● WORKING DATA:

■ ■ ■ ■

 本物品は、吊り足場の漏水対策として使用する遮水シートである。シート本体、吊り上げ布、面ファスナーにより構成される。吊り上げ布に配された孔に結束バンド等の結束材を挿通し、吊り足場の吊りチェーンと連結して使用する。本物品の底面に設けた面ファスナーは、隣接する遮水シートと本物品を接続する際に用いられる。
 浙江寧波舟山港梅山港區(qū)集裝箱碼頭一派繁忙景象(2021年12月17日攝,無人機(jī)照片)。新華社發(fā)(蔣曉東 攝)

■ ■ ■ ■

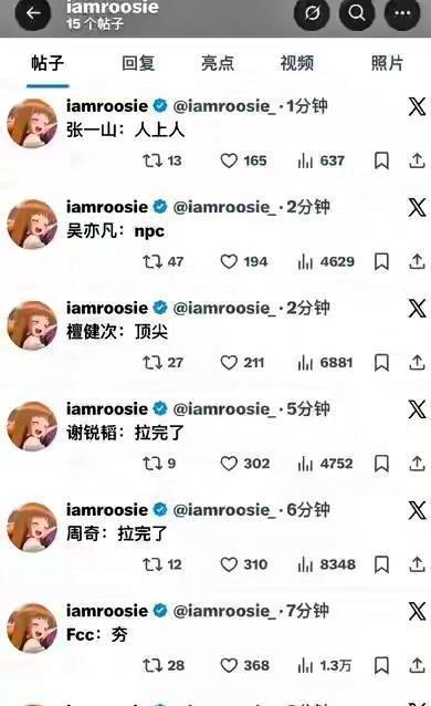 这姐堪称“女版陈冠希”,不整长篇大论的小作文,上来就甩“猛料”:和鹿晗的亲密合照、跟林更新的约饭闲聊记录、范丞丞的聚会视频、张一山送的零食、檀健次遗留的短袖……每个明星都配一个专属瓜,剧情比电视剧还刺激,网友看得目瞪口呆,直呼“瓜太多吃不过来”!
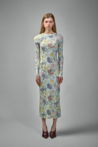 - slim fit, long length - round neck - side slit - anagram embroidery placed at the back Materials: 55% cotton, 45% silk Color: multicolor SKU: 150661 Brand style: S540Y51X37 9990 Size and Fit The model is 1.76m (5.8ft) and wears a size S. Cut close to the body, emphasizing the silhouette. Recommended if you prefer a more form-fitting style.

■ ■ ■ ■

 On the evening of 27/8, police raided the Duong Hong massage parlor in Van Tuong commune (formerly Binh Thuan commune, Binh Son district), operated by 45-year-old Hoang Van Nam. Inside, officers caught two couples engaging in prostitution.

■ ■ ■ ■

● WORK TO BE COMPLETED:
Copy out precisely the lines from the line with "本物品は、吊り足場の漏水対策" to the line with "浙江寧波舟山港梅山港區(qū" in the material above, including those two lines and omitting all the rest.

● EXERCISE RESPONSE:
 本物品は、吊り足場の漏水対策として使用する遮水シートである。シート本体、吊り上げ布、面ファスナーにより構成される。吊り上げ布に配された孔に結束バンド等の結束材を挿通し、吊り足場の吊りチェーンと連結して使用する。本物品の底面に設けた面ファスナーは、隣接する遮水シートと本物品を接続する際に用いられる。
 浙江寧波舟山港梅山港區(qū)集裝箱碼頭一派繁忙景象(2021年12月17日攝,無人機(jī)照片)。新華社發(fā)(蔣曉東 攝)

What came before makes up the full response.